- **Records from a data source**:
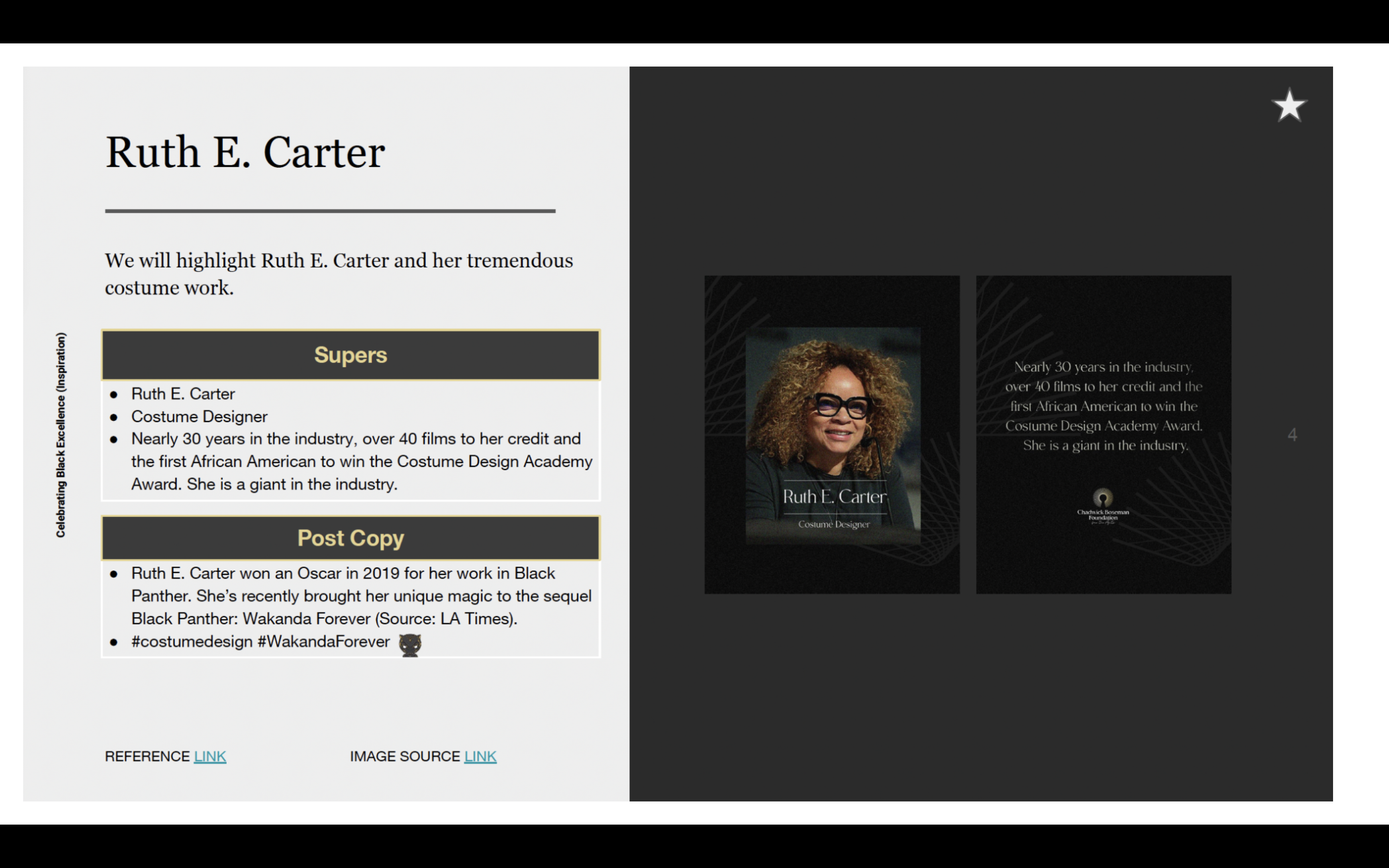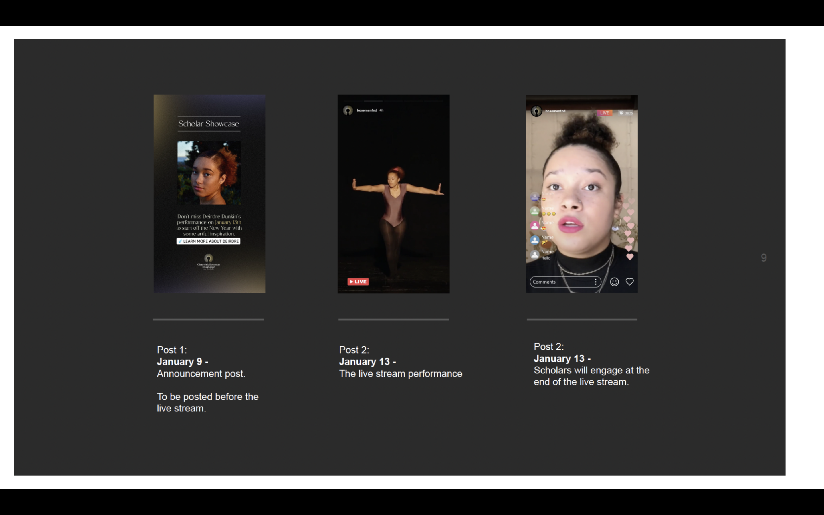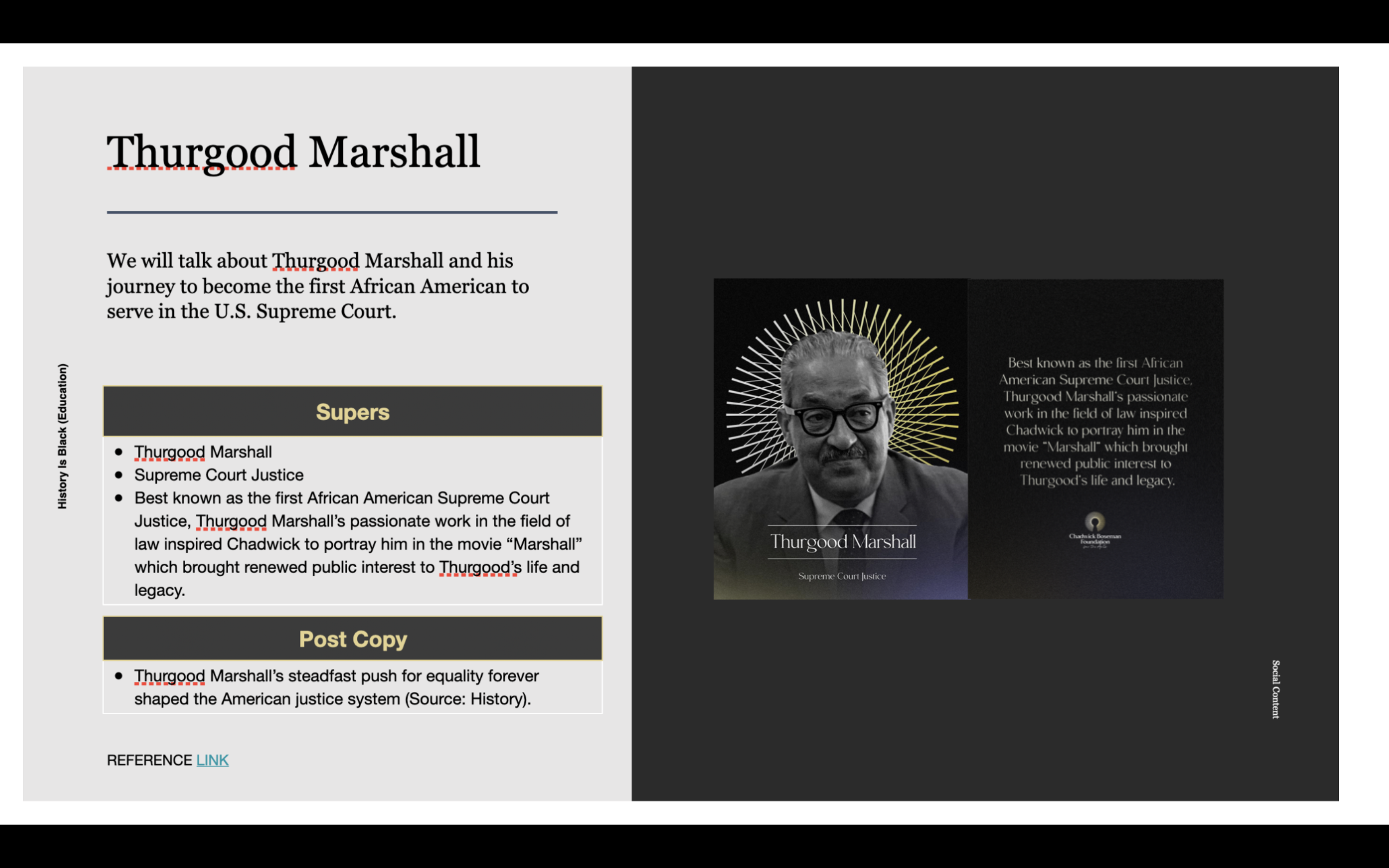 The foundation was set up in Chadwick Boseman’s memory in order to provide support for young black artists through a scholarship at his alma mater, Howard University. Our mandate was to inspire these young artists to apply for this program as well as to drive traffic towards their instagram page to raise awareness for donations.
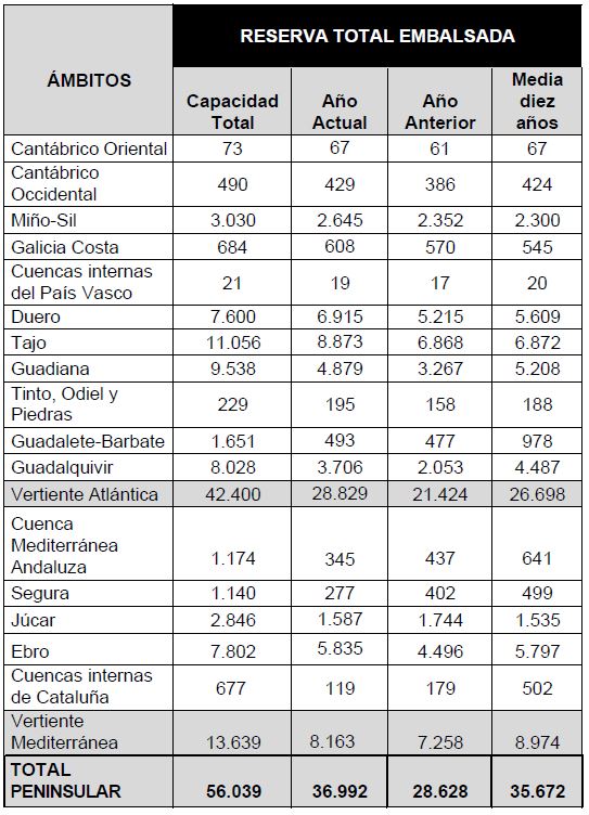 La reserva hídrica española está al 66% de su capacidad total. Los embalses almacenan actualmente 36.992 hectómetros cúbicos (hm³) de agua, aumentando en la última semana en 1.591 hectómetros cúbicos (el 2,8% de la capacidad total actual de los embalses).
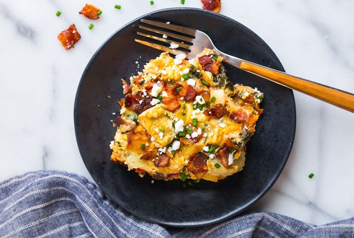 This crockpot egg casserole by Well Plated is a super easy way to feed all of your guests for Mother's Day brunch. Between the bacon, two types of cheese, bell peppers, artichokes, shallots, and a pinch of cayenne pepper, this dish is sure to garner plenty of compliments for its tasty appeal.
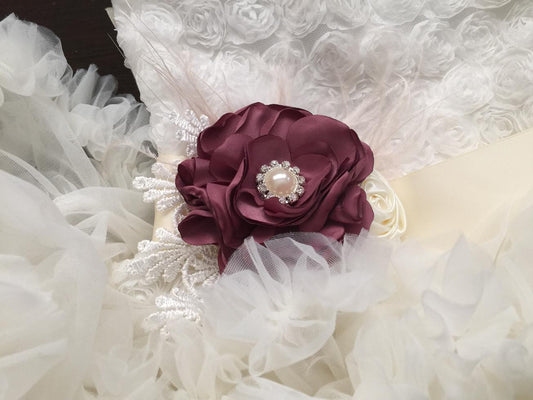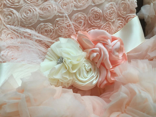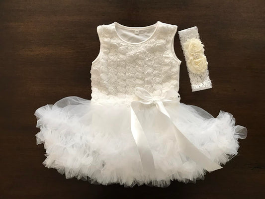 French Ivory Fluffy Baptism Dress with Headband and Sash
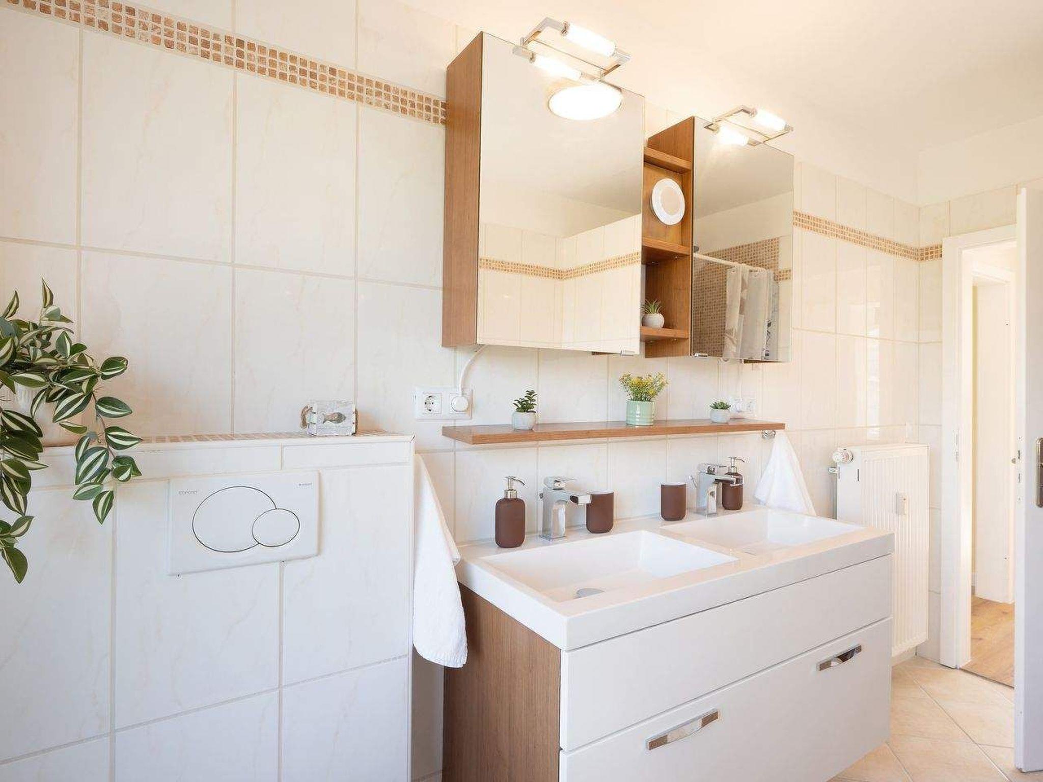 The corridor leads to the left to the quietly located sheep room with a comfortable bed (160 x 200 cm), wardrobe and our ship's gallery. Here, landlubbers can find out about life on the rough seas. Next to the bedroom is the newly renovated large bathroom with bathtub, shower and two washbasins.

- **Exercise description**:
Take the lines from the first line of the entries through the line with "La reserva hídrica", inclusive, and give them again exactly, minus any pictures.

- **Answer box**:
 The foundation was set up in Chadwick Boseman’s memory in order to provide support for young black artists through a scholarship at his alma mater, Howard University. Our mandate was to inspire these young artists to apply for this program as well as to drive traffic towards their instagram page to raise awareness for donations.
 La reserva hídrica española está al 66% de su capacidad total. Los embalses almacenan actualmente 36.992 hectómetros cúbicos (hm³) de agua, aumentando en la última semana en 1.591 hectómetros cúbicos (el 2,8% de la capacidad total actual de los embalses).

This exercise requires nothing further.